William Shakespeare’s Sonnets is a collection of 154 poems that are delicate yet powerful in their ever-intimate tone. It is unknown whether Shakespeare wrote the collection of sonnets in an auto-biographical form or if they are merely fiction. Regardless of the intention, it cannot be denied that the collection of sonnets takes on a tone of intimacy that reflects upon a relationship between power and love. Stand alone, each sonnet can be read separately, but are found to be linked thematically. However, if you start reading them in order, it becomes apparent that the most beautiful and fulfilling way to experience the sonnets is by reading all 154 in sequence.
It is tough to definitively say one way or another, but regardless if the sonnets are autobiographical or fiction one of the themes is sexuality. You can look to the homoerotic content that spills through much of the collection. Shakespeare wrote 154 sonnets. 28 are addressed to a woman, the Dark Lady. 126 are addressed to a man, the Fair Youth. While only the Dark Lady poems make explicit reference to a sexual relationship, the Fair Youth poems portray a similar sense of passionate, overwhelming love.
The sonnets explicitly show his adoration for the young man, and the Procreation poems speak of the Youth’s extreme beauty and urge him to marry and beget children, so his beauty can be passed on. “Shall I compare thee to a summer’s day?” is a Fair Youth poem. There is a repeated wish to immortalize the Youth’s beauty in poetry. You could read these sonnets as expressions of friendship, sure, or as an older man wishing to guide and encourage a younger man he cares for, but through historical context it is also entirely acceptable to interpret these as Shakespeare expressing strong romantic feelings towards the Youth. No matter where you sit in the debate it is interesting that Summer’s Day is considered one of the most famous romantic poems of all time and that it is assumed to be about a woman when in actuality it is written to a man.
Poetry in itself is always subjective. No two people can possibly feel every ounce of same emotion when experiencing words others have written. Poetry is there to evoke emotion and create feeling. Shakespeare’s purpose for these sonnets are a mystery, which leaves little room for realistic knowledge of them but opens a world of imagination and interpretation. However, we don’t need to know his intentions. We should accept that the author-character that emerges from the sonnets is not created for our convenience. It is not necessarily William Shakespeare, the man; it is William Shakespeare, the poet.
While reading the sonnets, I was overcome with a multilayered experience. It is easy to pick out themes such as power, love, beauty, morality, and sensuality, but actually drowning emotionally into every word is a journey all on its own. Too often we search for the meaning of the writing from the authors perspective.

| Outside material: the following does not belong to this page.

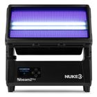 The Nuke3 Motorized Strobe/Wash is a dynamic lighting powerhouse designed for versatility and impact. With a motorized 180° tilt range, this hybrid fixture switches seamlessly between a powerful strobe and a colourful wash, or a captivating combination of both effects. Featuring 96x 10W Cool White LEDs and 864x 0.5W RGB SMD LEDs, the Nuke3 provides a brilliant palette of colours and intense white light. Pixel-mappable zones, electronic frost filter, DMX control, and automated programs make creating stunning lighting effects a breeze. Its IP65 waterproof rating ensures reliable outdoor performance, making the Nuke3 an ideal choice for both indoor and outdoor events.
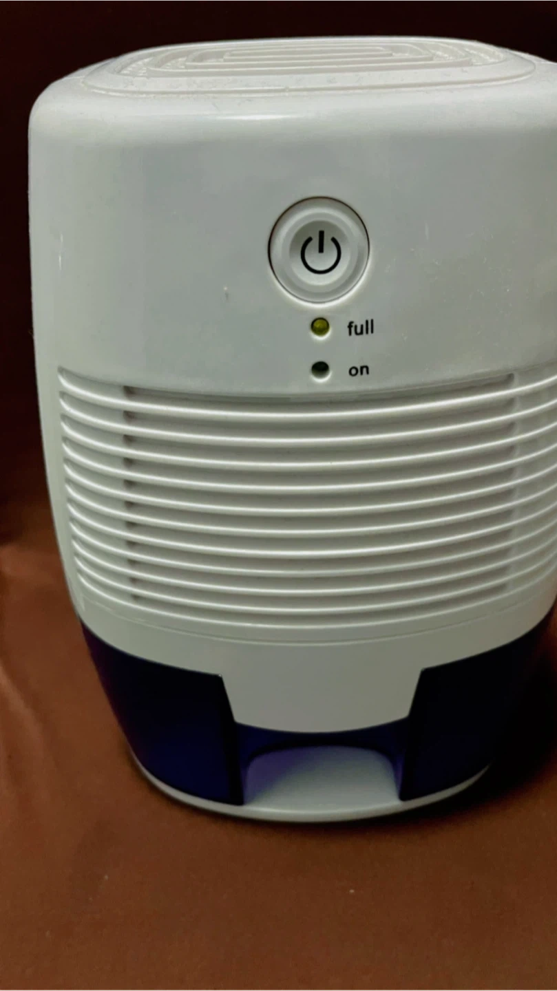Selling a small dehumidifier in white and blue. It has an indicator light for when the collection tank is full, and another to show that it's on. Great for small spaces!

The beauty in Shakespeare’s Sonnets is there is no reason to search for any meaning outside of our own interpretation of how it relates to our self. How beautiful is it to lose yourself in something for nothing more than yourself?
I don’t pretend to know the real, true meaning of any of the sonnets. Great poems are great because of the different interpretative possibilities they offer: they’re expansive rather than constricting. In other words, there is no ‘real meaning’. I’m not certain that any one sonnet is more significant than another. They are all exquisite, ugly, simple, and complex, depending on how they reach you.